The aim of this placement was to receive formal training from Thales on their large-scale video surveillance systems in order to ensure that algorithms developed as part of the VideoSense could be deployed in the industrial R&D context. Their framework can handle the processing of video streams in both an internal (program developed with their API for communicating) and external (executable communicating with webservices) fashion. Events can be created from the video processing stage and can then be used to update a scriptable state-machine, and be stored into a database. The video and its metadata are then synchronised and sent to a video wall, which can display several videos with their overlay.

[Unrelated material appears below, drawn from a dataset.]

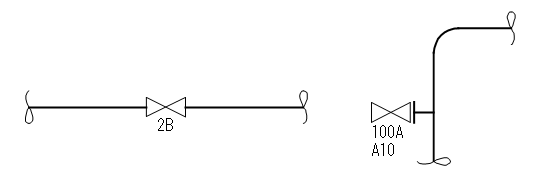 別の作図基準もあります。「配管および配管付属品の記入法:配管の記入法」を参照ください。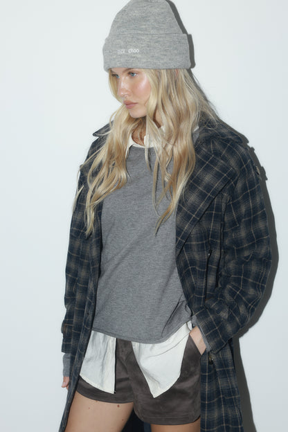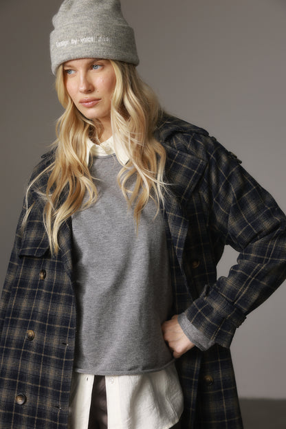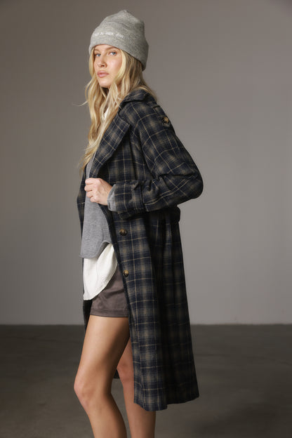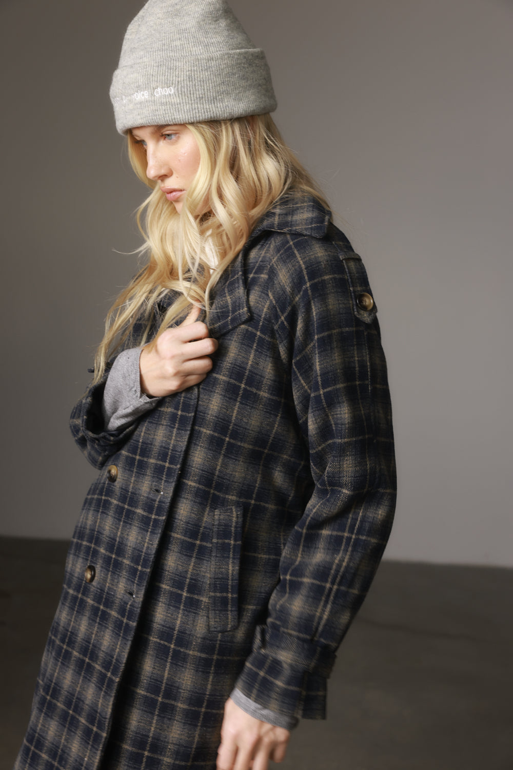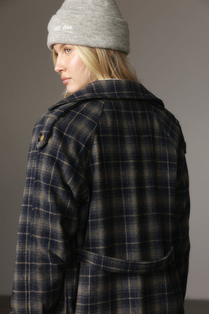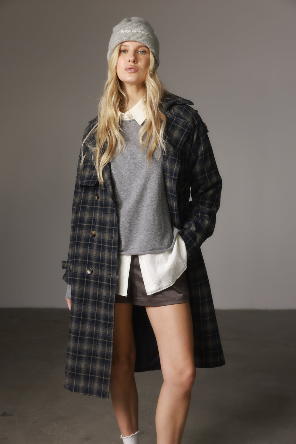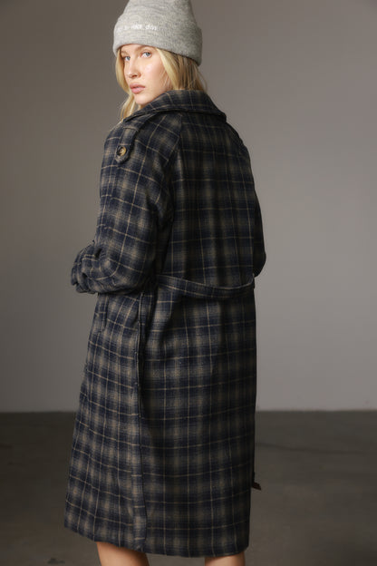 מעיל בלשים ארוך מבד צמר בשילוב פרינט משבצות, צווארון קובני, כפתורים מלפנים, צמד כיסים ושרוך קשירה להידוק

The integration of algorithms involved straightforward C++ modules analysing frames and sending events or objects that can be added through their API. This was evaluated by developing a test algorithm based on OpenCV that detected human faces, counted them, and triggered an alarm depending on their number. However, in the current state of the framework, the video stream cannot be modified and only basic overlays such as lines and boxes can be displayed on top by the video player, meaning that advanced privacy protection filters cannot be integrated at the moment. Two possible solutions were discussed: sending pre-filtered raw bitmaps as overlays, or sending special objects that would trigger the filtering on the video-player side.
.Current surveillance systems do not have privacy requirements in their design, making it difficult to include mitigation technologies.
Even although the experiments on algorithm integration were quite successful, some extra work will be needed on the surveillance system architecture in order to allow the filtering of the videos displayed on the video wall. This would provide an opportunity for further collaboration between UoR and Thales.